How living organisms survive in icy climates
WHEN you put antifreeze in your car radiator, it lowers both the freezing and the melting point of the coolant. But living organisms have evolved a different sort of freeze protection. Their antifreeze lowers the freezing point without affecting the melting point.
For example, ice normally melts and water freezes at 32 degrees F. The special freeze protection of organisms would not affect the melting point but might lower the freezing point to, let's say hypothetically, 28 degrees F.
If biochemists can understand just how this freeze protection works, it should help them unravel the secret of how organic life survives at icy temperatures. It now appears that organisms using this kind of protection have antifreeze compounds that can radically alter the way ice crystallizes.
Animals as different as frogs, insects, and Arctic fish use some form of antifreeze. In some of them, this merely lowers the temperature at which ice forms in their bodies. Others follow a different strategy, in which ice is allowed to form outside the body cells.
Antifreeze within the cells themselves, such as glycerol, protects these vital units of organic life.
Charles A. Knight and Larry D. Oolman of the National Center for Atmospheric Research at Boulder, Colo., and Arthur L. DeVries of the University of Illinois have experimented with several of the compounds such animals use. They find that even minute amounts of these materials - called antifreeze glycoproteins (AFGP) - change the way ice crystallizes.

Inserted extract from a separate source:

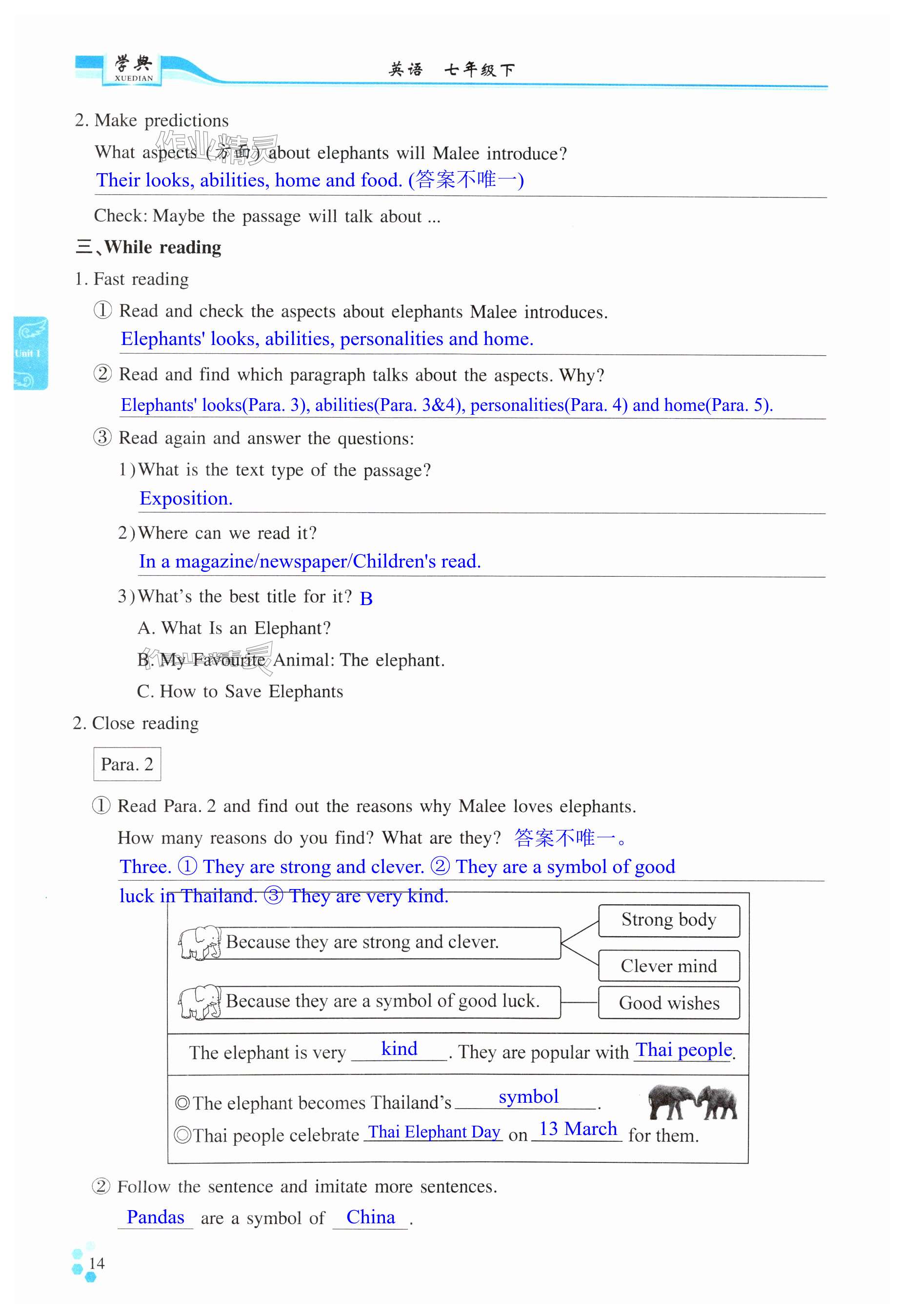 注:目前有些书本章节名称可能整理的还不是很完善,但都是按照顺序排列的,请同学们按照顺序仔细查找。练习册 2025年学典四川七年级英语下册人教版B版 答案主要是用来给同学们做完题方便对答案用的,请勿直接抄袭。

They report in Nature that the crystals form faces (planes) not normally seen. Also, their growth is restricted along one of the crystal axes. These effects suggest that the AFGP molecules bind to the ice in ways that may inhibit freezing.
Also, very small amounts of these compounds inhibit what is known as recrystallization. This is an effect that takes place after a solution has frozen. An agglomeration of small crystals tends to recrystallize in larger sizes.
In their paper, the three scientists suggest that inhibiting recrystallization might have some application to storage of frozen foods or medicines. Commenting on this, Knight explains that recrystallization is one way that frozen food may deteriorate.
Knight says that the AFGPs ''are absolutely spectacular in stopping recrystallization.''
But, he adds, ''The question is whether or not this is important practically.'' That would be something for a frozen-food specialist to determine. It is beyond the scope of the research in which he and his colleagues are interested.
What is important to them is the fact that the AFGPs do have a striking ability to alter ice crystallization. This probably is a key to how they depress the freezing point.
This effect, where the freezing point is lower than the melting point, produces what is known technically as a ''hysteresis gap.'' With that gap of a Celsius degree or so, ice neither freezes nor melts for periods of hours or days in laboratory experiments.
Somehow, this curiosity of physical chemistry has been turned to lifesaving advantage by animals that must endure cold climates.